Data excerpts
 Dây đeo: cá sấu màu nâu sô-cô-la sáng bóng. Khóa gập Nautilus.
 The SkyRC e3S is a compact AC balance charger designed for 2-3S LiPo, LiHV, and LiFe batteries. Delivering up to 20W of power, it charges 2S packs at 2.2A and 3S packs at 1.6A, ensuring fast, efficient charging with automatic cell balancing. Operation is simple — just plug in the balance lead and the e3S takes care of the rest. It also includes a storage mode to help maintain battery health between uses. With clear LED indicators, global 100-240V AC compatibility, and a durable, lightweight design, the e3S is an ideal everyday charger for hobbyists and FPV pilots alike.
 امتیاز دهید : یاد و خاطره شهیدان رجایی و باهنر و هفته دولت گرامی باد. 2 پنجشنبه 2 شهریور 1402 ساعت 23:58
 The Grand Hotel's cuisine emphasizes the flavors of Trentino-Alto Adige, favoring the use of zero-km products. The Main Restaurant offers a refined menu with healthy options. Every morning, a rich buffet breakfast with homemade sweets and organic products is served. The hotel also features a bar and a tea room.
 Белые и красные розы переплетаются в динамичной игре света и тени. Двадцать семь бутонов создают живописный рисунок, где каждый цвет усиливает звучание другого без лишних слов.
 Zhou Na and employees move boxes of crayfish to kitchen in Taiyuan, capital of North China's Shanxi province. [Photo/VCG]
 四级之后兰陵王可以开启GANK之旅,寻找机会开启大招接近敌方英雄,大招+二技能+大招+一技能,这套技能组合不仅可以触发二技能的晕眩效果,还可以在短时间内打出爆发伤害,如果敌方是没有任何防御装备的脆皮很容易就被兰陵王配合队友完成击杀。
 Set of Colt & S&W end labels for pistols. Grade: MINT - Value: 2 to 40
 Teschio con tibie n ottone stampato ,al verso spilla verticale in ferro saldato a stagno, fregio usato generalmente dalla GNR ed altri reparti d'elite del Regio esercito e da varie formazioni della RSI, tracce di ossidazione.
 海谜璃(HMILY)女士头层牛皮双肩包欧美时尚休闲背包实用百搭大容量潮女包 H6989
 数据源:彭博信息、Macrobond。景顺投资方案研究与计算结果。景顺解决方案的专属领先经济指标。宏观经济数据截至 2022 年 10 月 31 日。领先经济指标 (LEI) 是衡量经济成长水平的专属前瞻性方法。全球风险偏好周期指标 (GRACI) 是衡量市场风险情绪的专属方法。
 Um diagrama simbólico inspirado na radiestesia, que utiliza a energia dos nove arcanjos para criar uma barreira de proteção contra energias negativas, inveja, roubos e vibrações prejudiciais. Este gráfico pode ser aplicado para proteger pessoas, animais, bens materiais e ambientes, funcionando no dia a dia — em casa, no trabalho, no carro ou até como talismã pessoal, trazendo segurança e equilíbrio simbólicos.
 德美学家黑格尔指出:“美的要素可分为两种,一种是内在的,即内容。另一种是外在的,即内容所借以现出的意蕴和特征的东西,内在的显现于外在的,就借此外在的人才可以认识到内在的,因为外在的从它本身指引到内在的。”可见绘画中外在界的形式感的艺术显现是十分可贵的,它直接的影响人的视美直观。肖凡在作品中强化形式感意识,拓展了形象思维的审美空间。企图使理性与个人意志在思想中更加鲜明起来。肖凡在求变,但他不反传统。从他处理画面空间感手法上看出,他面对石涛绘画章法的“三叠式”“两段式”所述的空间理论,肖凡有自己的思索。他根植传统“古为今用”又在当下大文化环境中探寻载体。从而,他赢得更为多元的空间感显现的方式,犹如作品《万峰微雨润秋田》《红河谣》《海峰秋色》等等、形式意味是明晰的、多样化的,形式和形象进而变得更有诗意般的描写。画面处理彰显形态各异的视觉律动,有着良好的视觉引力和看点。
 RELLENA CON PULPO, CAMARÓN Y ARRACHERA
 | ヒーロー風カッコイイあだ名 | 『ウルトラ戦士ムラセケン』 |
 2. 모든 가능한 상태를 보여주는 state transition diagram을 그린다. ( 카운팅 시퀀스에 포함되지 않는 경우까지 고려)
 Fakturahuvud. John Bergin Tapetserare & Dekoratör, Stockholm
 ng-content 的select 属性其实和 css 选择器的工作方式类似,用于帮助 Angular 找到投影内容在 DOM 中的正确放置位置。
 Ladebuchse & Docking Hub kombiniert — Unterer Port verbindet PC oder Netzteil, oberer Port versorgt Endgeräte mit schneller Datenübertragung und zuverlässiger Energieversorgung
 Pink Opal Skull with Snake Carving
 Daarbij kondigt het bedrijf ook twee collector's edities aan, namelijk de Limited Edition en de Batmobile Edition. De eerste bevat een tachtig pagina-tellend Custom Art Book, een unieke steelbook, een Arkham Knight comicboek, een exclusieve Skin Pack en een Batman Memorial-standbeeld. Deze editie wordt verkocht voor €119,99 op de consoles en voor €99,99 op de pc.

> _WHAT NEEDS TO BE DONE_
Return, word for word, the lines of the data above from the line with "RELLENA CON PULPO, CAMARÓN Y ARRACHERA" through the line with "ng-content 的select 属性其实和", inclusive.

> _EXERCISE RESPONSE_
 RELLENA CON PULPO, CAMARÓN Y ARRACHERA
 | ヒーロー風カッコイイあだ名 | 『ウルトラ戦士ムラセケン』 |
 2. 모든 가능한 상태를 보여주는 state transition diagram을 그린다. ( 카운팅 시퀀스에 포함되지 않는 경우까지 고려)
 Fakturahuvud. John Bergin Tapetserare & Dekoratör, Stockholm
 ng-content 的select 属性其实和 css 选择器的工作方式类似,用于帮助 Angular 找到投影内容在 DOM 中的正确放置位置。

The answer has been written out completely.